PROBLEM STATEMENT — Strip the pictures and reproduce the rest of the listing exactly.

DATA BELOW —

==*==

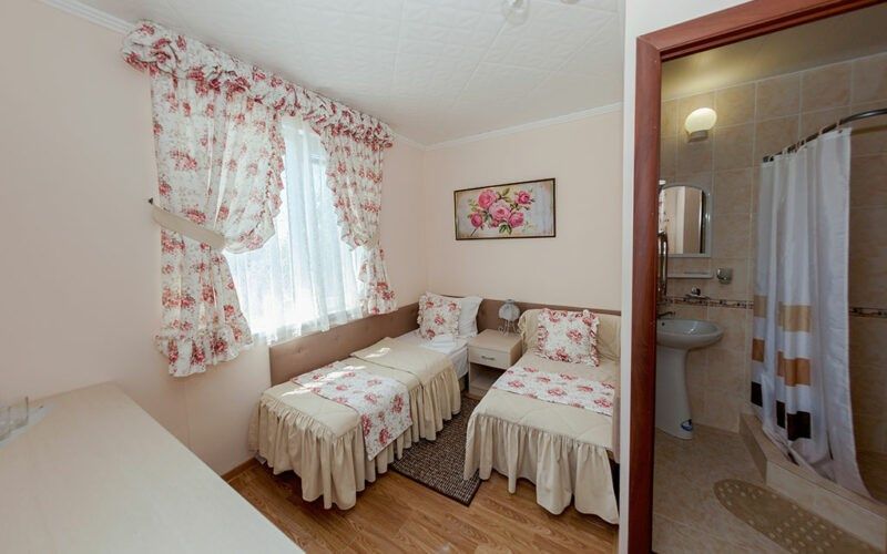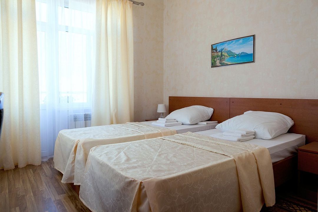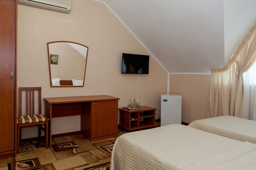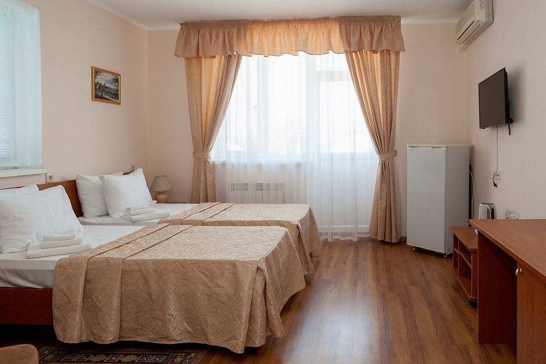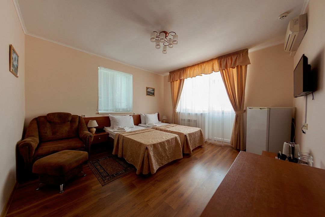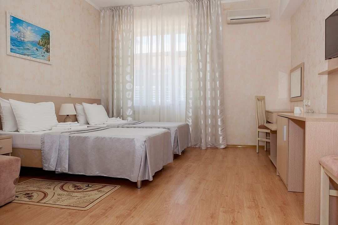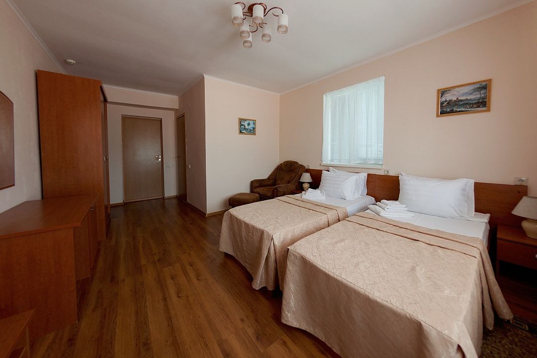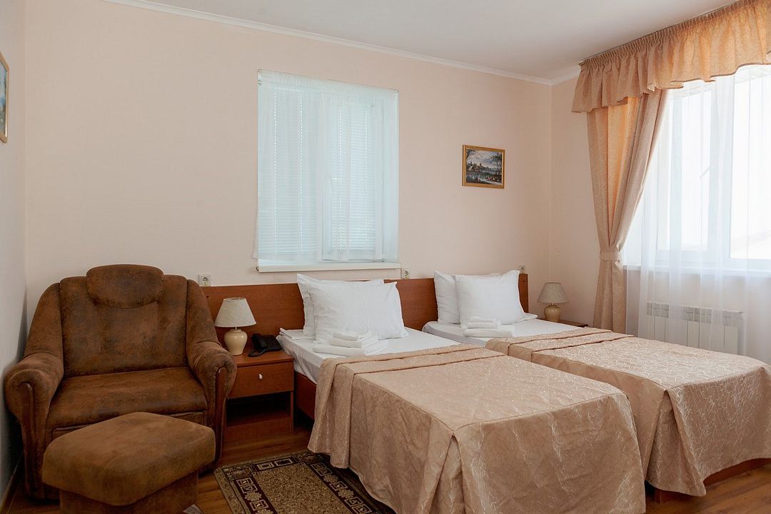 Комфортный однокомнатный эконом номер без балкона с возможностью размещения до 2 человек. Номера расположены в 5 корпусе на 2 и 3 этажах. Оптимально для отдыха одного взрослого с размещением 1 ребенка на дополнительном месте до 12 лет. Комплектация номера: две односпальные кровати, сплит-система, холодильник, телевизор, телефон. Санузел: душевая кабина, косметические принадлежности, фен.Услуги и удобства
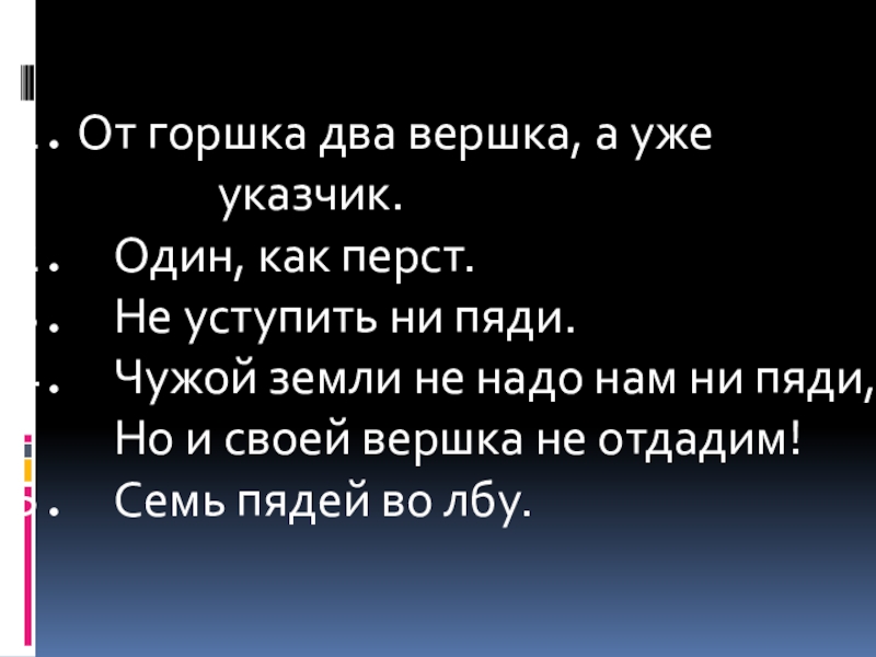 От горшка два вершка, а уже 									указчик.Один, как перст.Не уступить ни пяди.Чужой земли не надо нам ни
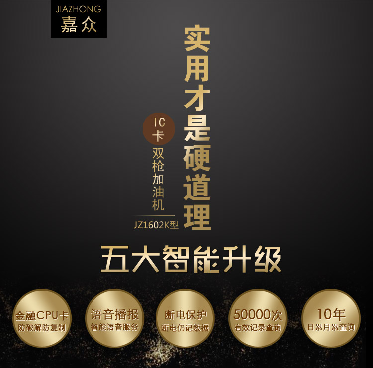 嘉眾雙槍IC卡加油機1602K型是一款加油站防爆插卡加油機,可加柴油和汽油,內帶語音功能,流量每分鐘可達60L-80L,加油機內部采用正星同款流量計和防爆組合泵裝置,安全更放心!

==*==

EXERCISE ANSWER —
 Комфортный однокомнатный эконом номер без балкона с возможностью размещения до 2 человек. Номера расположены в 5 корпусе на 2 и 3 этажах. Оптимально для отдыха одного взрослого с размещением 1 ребенка на дополнительном месте до 12 лет. Комплектация номера: две односпальные кровати, сплит-система, холодильник, телевизор, телефон. Санузел: душевая кабина, косметические принадлежности, фен.Услуги и удобства
 От горшка два вершка, а уже 									указчик.Один, как перст.Не уступить ни пяди.Чужой земли не надо нам ни
 嘉眾雙槍IC卡加油機1602K型是一款加油站防爆插卡加油機,可加柴油和汽油,內帶語音功能,流量每分鐘可達60L-80L,加油機內部采用正星同款流量計和防爆組合泵裝置,安全更放心!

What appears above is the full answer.